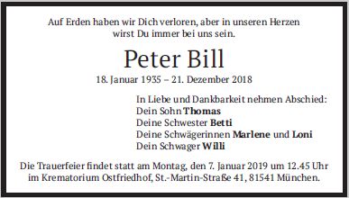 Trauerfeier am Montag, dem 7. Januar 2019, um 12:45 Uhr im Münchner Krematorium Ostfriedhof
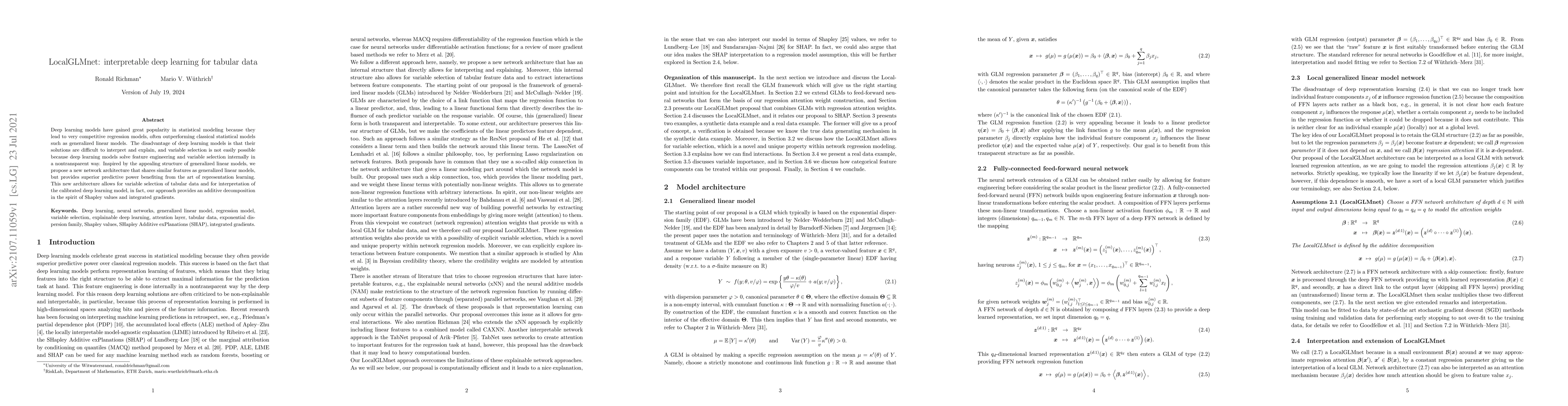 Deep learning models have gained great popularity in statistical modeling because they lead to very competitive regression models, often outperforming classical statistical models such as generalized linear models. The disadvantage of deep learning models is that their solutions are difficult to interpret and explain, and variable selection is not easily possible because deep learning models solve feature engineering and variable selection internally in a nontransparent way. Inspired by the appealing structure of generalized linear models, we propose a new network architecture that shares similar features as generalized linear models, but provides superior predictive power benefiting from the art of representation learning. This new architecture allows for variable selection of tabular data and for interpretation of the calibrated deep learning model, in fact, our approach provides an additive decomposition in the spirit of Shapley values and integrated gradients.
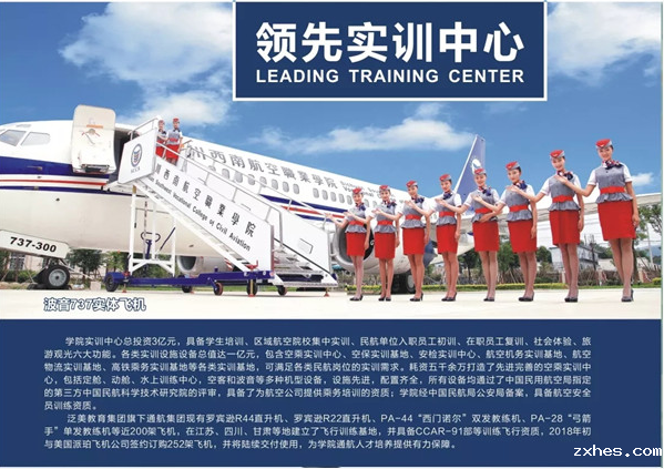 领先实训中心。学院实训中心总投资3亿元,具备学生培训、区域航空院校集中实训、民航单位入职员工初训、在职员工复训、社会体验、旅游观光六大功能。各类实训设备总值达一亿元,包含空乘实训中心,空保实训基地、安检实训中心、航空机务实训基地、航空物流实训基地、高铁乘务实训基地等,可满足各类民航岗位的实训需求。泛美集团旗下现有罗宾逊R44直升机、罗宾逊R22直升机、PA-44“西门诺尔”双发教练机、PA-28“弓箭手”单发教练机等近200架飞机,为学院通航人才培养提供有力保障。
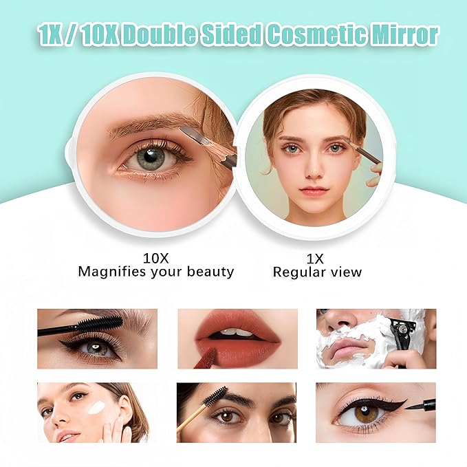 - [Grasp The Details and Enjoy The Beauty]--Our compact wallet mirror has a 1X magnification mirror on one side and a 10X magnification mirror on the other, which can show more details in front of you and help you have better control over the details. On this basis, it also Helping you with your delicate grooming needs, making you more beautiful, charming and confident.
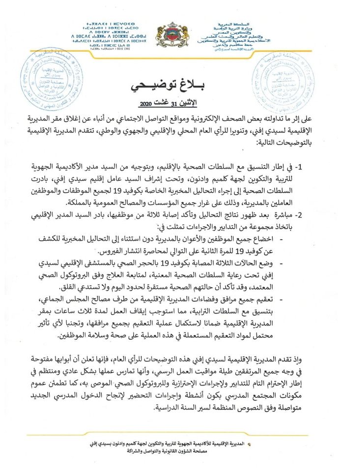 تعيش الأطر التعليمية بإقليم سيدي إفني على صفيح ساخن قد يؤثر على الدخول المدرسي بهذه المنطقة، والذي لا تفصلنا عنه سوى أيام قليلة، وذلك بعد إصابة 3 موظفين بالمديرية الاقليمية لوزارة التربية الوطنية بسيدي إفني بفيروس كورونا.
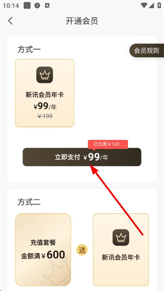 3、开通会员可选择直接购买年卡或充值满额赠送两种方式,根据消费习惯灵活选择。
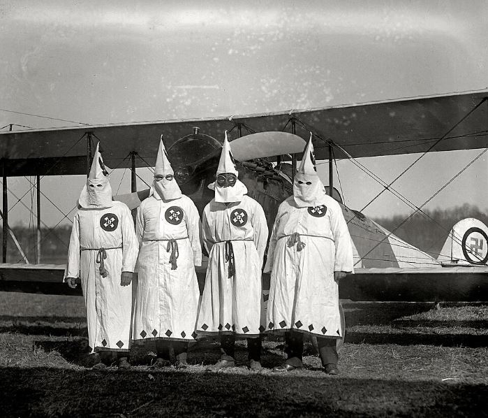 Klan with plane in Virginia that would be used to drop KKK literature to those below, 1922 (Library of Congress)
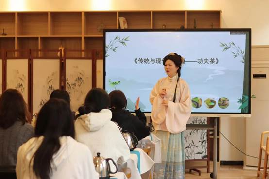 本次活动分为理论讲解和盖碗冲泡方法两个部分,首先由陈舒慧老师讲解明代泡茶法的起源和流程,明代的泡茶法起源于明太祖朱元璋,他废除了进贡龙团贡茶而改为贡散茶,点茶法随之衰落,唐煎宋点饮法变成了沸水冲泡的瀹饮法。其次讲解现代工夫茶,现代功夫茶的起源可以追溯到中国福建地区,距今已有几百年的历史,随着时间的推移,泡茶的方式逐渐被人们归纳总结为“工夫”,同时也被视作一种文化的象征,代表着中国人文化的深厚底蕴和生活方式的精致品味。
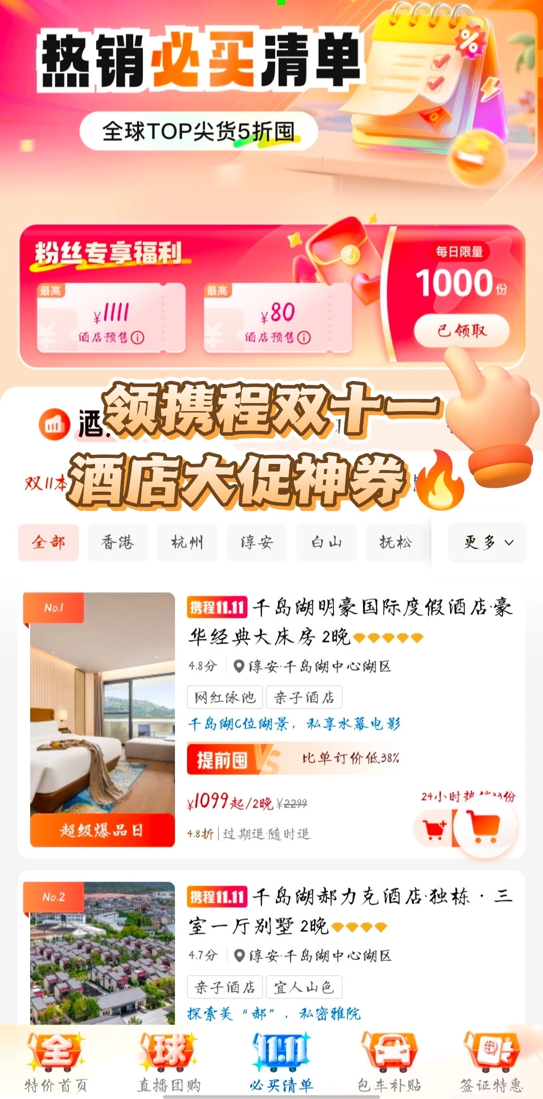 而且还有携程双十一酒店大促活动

##############################

Go down the entries above from the line containing "领先实训中心。学院实训中心总" to the line containing "Klan with plane" and write out each line exactly, leaving pictures out.

 领先实训中心。学院实训中心总投资3亿元,具备学生培训、区域航空院校集中实训、民航单位入职员工初训、在职员工复训、社会体验、旅游观光六大功能。各类实训设备总值达一亿元,包含空乘实训中心,空保实训基地、安检实训中心、航空机务实训基地、航空物流实训基地、高铁乘务实训基地等,可满足各类民航岗位的实训需求。泛美集团旗下现有罗宾逊R44直升机、罗宾逊R22直升机、PA-44“西门诺尔”双发教练机、PA-28“弓箭手”单发教练机等近200架飞机,为学院通航人才培养提供有力保障。
 - [Grasp The Details and Enjoy The Beauty]--Our compact wallet mirror has a 1X magnification mirror on one side and a 10X magnification mirror on the other, which can show more details in front of you and help you have better control over the details. On this basis, it also Helping you with your delicate grooming needs, making you more beautiful, charming and confident.
 تعيش الأطر التعليمية بإقليم سيدي إفني على صفيح ساخن قد يؤثر على الدخول المدرسي بهذه المنطقة، والذي لا تفصلنا عنه سوى أيام قليلة، وذلك بعد إصابة 3 موظفين بالمديرية الاقليمية لوزارة التربية الوطنية بسيدي إفني بفيروس كورونا.
 3、开通会员可选择直接购买年卡或充值满额赠送两种方式,根据消费习惯灵活选择。
 Klan with plane in Virginia that would be used to drop KKK literature to those below, 1922 (Library of Congress)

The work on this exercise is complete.